Слёзы потекли из глаз у Летиции. Страстно сжав ладони, женщина зашевелила губами:
— О, святая Мадонна! Ты меня услышала. Я теперь спасена, спасена. — Посмотрев на подручную с воодушевлением, в полный голос произнесла: — Мне необходимо встретиться с ди Варацце. И сказать ему, что намерение накладывать на себя руки у меня пропало. Я раскаялась в своём поведении и прошу у супруга прощения.
Покивав, Анжела ответила:
— Доведу слова вашей светлости до ушей падре Бонифация. Он их передаст дону Лукиано.
— Да, святой отец добр ко мне. Не откажется помочь, я уверена.

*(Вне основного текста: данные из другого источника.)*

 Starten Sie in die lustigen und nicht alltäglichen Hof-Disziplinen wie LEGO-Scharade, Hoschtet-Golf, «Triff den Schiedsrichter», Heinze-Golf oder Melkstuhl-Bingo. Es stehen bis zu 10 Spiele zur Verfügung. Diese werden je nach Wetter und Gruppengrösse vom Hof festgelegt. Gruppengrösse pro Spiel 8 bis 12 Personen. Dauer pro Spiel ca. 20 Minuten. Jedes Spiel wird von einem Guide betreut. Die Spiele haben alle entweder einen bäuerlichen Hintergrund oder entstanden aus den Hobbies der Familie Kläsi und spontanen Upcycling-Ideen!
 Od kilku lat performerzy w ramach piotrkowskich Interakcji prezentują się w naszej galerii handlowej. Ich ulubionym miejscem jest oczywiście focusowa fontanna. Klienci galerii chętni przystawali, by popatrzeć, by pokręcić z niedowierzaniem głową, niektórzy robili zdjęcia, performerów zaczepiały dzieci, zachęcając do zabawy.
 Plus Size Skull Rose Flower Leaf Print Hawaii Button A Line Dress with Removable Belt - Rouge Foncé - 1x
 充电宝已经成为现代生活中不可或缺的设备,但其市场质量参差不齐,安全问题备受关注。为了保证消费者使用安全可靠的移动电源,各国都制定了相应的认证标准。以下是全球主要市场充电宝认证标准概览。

Через день действительно Монтенегро появился в донжоне собственной персоной. Озабоченно проследовал в комнату жены и остановился, будто чёрная скала, на пороге. Та вскочила с матраса, что раскатан был на дощатом полу, и, почтительно опустив глаза, поклонилась. Муж спросил:
— Вы желали видеть меня? Больше не буяните?

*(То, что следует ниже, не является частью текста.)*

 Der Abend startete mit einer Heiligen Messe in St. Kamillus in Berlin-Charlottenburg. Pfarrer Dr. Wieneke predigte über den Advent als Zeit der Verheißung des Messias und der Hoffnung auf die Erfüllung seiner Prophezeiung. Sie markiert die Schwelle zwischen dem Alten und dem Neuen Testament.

Дочка Гаттилузи вздохнула:
— Заточение повлияло на мою душу. Осознала ошибку и хочу принести заверения: ничего плохого делать я с собой не намерена.
— И готовы поклясться в этом на кресте падре Бонифация?

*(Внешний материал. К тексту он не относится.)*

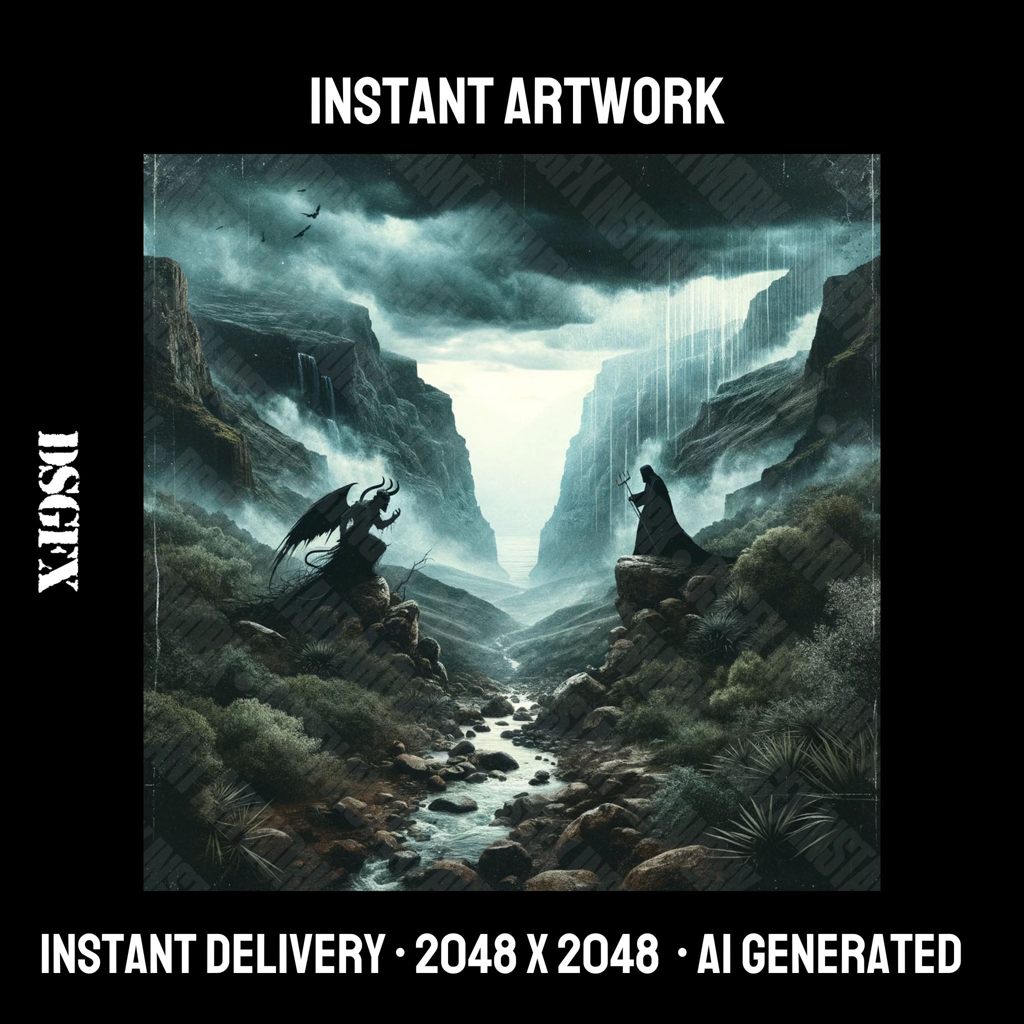 Instant artwork is AI generated artwork generated and curated by Dontsleepgfx. You can use artwork for your music, merchandise and any commercial use case outlined in our terms.

— Без каких-либо колебаний.
— И согласны стать полноценной супругой? Не отказываться больше от брачного ложа?
— Я всецело ваша. Эту ночь мы проведём совместно.
— К сожалению, сейчас у меня в опочивальне находиться нельзя — пахнет красками. Там работает художник из Константинополя — он у нас проездом, — и рисует на стене прелестную фреску. Но как только закончит, я туда вселюсь. И надеюсь, что не один.
— Где же ваша светлость теперь ночует?
— На диване у себя в кабинете.
— О, как неудобно! Вы могли бы устроиться на моей половине...
— С удовольствием приму это приглашение. — Ди Варацце смягчился. — Вы и в самом деле, мадонна, сильно изменились. Кротость и покорность, глаз не смеете на меня поднять... Вроде бы другой человек!
— Так оно и есть: я переродилась. Больше нет печали и скорби, будущее видится мне в радужных тонах. Предвкушением близкого счастья наполняется сердце.
— Господи, помилуй!
— Вам сие не нравится?
— Нет, я потрясён. Этих слов я тщетно ожидал много лет назад, после нашей свадьбы. Неужели свершилось? Надо было раньше посадить вас в узилище, чтобы вы прозрели.
Мягко улыбнувшись, итальянка ответила:
— Лучше поздно, чем никогда.
Консул обратился к охране:
— Её светлость свободна. Кликните Анжелу — пусть поможет ей перейти во дворец.
День спустя к Феофану, направлявшемуся в покои Монтенегро, подбежала служанка и сказала быстро:
— В два часа пополудни. На скамейке сада. Будут ожидать. — И мгновенно скрылась.
Грек стоял взволнованный, потрясённый. Подошедший Роман спросил:
— Что-нибудь случилось, учитель?
Мастер проворчал:
— Ничего, ничего, всё идёт как надо... Ты сегодня будешь сам писать свой закат.
— Доверяете?
— Ну, ещё бы. И к тому же мне придётся отлучиться на время.
Молодой человек сопоставил факты, догадался и произнёс:
— Потружусь на совесть за нас двоих. — А коробочка по-прежнему лежала у него дома в сундуке, пустить её в дело он пока не решался.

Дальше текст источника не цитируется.